Given records

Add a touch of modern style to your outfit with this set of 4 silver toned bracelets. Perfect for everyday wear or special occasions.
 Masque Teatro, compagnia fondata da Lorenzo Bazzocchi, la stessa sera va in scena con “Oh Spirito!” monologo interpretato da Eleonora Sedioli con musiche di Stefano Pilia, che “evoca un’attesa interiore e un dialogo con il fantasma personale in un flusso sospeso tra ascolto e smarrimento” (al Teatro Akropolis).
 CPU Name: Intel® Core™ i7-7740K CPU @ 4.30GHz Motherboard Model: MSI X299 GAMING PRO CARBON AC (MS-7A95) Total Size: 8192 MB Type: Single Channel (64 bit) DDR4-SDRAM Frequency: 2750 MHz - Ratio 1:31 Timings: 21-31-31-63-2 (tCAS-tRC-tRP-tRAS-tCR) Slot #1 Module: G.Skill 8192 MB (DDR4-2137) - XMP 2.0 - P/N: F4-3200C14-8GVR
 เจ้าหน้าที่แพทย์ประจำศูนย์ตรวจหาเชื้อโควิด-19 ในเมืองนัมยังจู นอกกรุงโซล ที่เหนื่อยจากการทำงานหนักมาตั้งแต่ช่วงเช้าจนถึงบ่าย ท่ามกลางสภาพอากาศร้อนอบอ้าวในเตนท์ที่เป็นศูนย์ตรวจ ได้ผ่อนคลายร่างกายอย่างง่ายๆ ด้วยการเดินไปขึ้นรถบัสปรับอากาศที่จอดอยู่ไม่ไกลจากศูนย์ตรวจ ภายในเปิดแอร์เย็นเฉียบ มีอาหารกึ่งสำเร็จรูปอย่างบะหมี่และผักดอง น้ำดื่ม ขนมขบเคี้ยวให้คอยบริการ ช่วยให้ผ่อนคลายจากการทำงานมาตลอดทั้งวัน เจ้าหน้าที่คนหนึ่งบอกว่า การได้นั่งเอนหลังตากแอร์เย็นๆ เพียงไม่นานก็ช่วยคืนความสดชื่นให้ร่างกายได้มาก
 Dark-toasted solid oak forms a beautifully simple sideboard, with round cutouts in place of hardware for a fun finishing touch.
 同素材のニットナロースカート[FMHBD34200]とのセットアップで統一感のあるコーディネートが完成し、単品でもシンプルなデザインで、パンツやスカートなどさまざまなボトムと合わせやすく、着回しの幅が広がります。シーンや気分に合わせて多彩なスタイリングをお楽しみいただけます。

---

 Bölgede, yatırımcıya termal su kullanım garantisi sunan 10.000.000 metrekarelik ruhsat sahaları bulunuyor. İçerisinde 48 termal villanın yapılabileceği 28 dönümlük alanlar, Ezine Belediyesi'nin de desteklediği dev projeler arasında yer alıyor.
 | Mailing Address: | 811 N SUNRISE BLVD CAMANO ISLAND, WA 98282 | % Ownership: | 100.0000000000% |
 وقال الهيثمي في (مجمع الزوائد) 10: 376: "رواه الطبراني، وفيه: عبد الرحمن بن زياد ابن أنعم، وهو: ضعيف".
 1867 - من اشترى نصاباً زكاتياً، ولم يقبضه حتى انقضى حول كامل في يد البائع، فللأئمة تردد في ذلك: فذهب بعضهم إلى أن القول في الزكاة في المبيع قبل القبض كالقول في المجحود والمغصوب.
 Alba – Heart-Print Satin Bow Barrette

Aim of the task
From the entries above, extract only the lines running from the one containing "1867 - من اشترى" through the one containing "Alba – Heart-Print Satin Bow Barrette", inclusive.

Output below
 1867 - من اشترى نصاباً زكاتياً، ولم يقبضه حتى انقضى حول كامل في يد البائع، فللأئمة تردد في ذلك: فذهب بعضهم إلى أن القول في الزكاة في المبيع قبل القبض كالقول في المجحود والمغصوب.
 Alba – Heart-Print Satin Bow Barrette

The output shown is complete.